Return all of the data that follows precisely, leaving every image out.

* _Exercise data_:
######

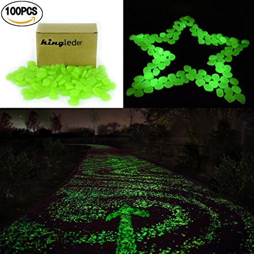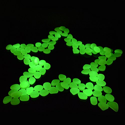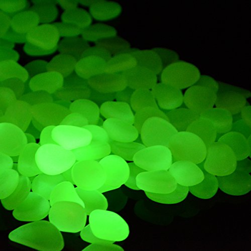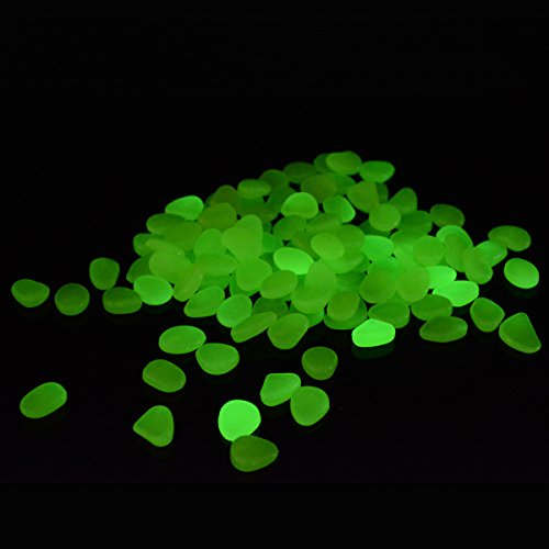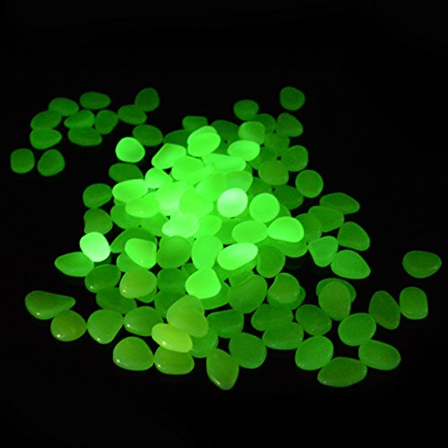 kingleder 100 Pcs Green Glow in the Dark Garden Stone Pebbles Gravel for Walkways Yard Fish Tank Aquarium Decor (100, Green)
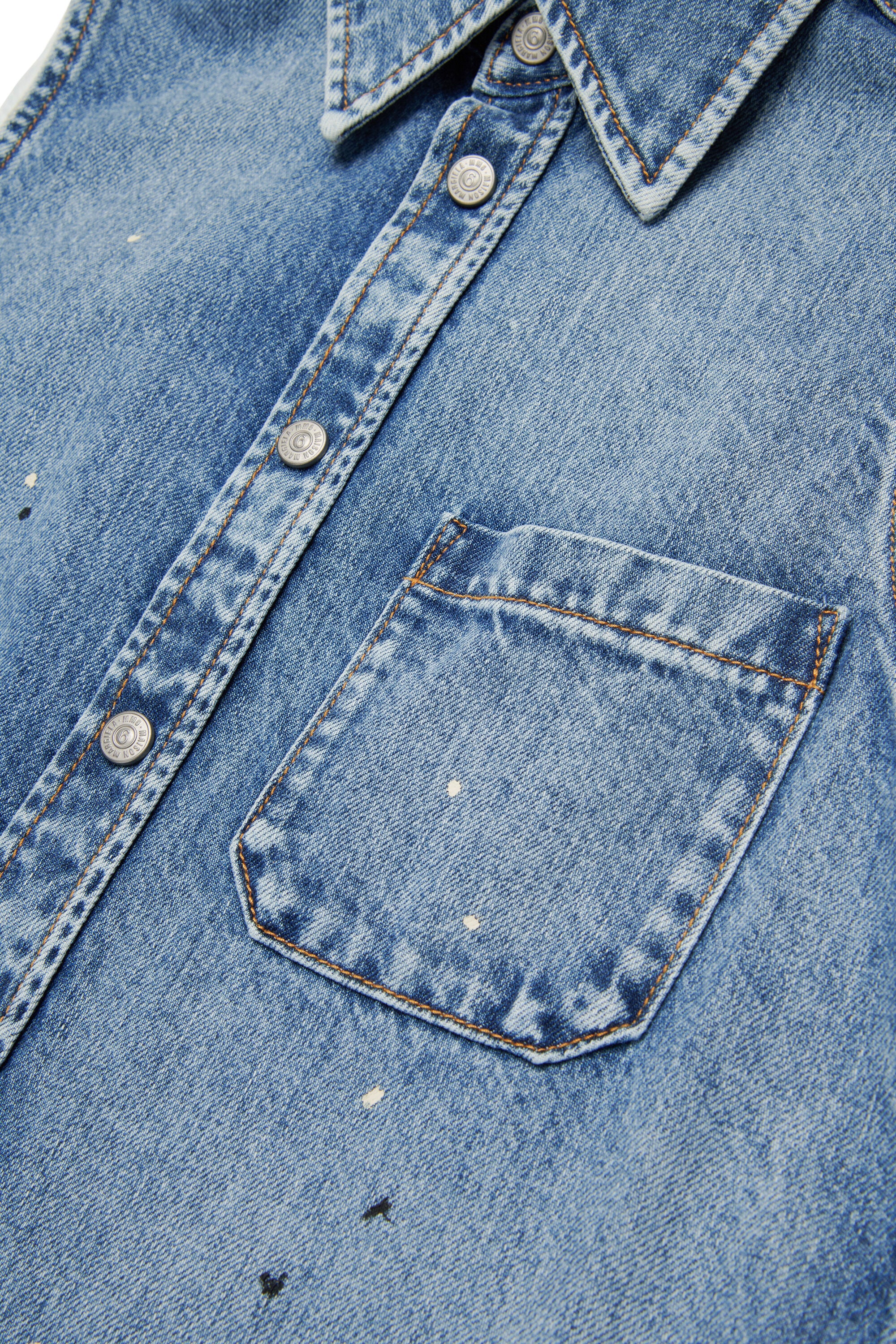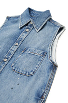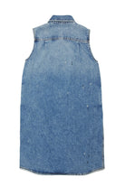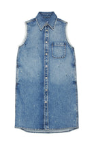 Vestido maxi camisa sin mangas. Realizado en denim azul con gradientes de color en contraste. Caracterizado por el tratamiento "manchas de color" realizado a mano. Bolsillo delantero en el lado del corazón. Bolsillos con ribete laterales. Cierre de botón frontal. Costura icónica en la espalda. Realizado en 100% algodón. Cualquier diferencia entre la prenda fotografiada y la que recibirá es un símbolo de la fina confección, la calidad y la singularidad del producto.
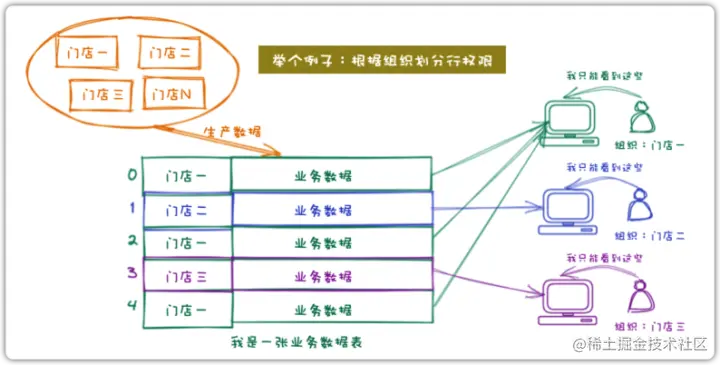 行权限:按照数据内容过滤,常用场景比如不同部门只能看到自己部门的数据,不同产品线只能看到自己产品线的数据,不同门店只能看到自己门店的数据等;

######

* _Final answer_:
 kingleder 100 Pcs Green Glow in the Dark Garden Stone Pebbles Gravel for Walkways Yard Fish Tank Aquarium Decor (100, Green)
 Vestido maxi camisa sin mangas. Realizado en denim azul con gradientes de color en contraste. Caracterizado por el tratamiento "manchas de color" realizado a mano. Bolsillo delantero en el lado del corazón. Bolsillos con ribete laterales. Cierre de botón frontal. Costura icónica en la espalda. Realizado en 100% algodón. Cualquier diferencia entre la prenda fotografiada y la que recibirá es un símbolo de la fina confección, la calidad y la singularidad del producto.
 行权限:按照数据内容过滤,常用场景比如不同部门只能看到自己部门的数据,不同产品线只能看到自己产品线的数据,不同门店只能看到自己门店的数据等;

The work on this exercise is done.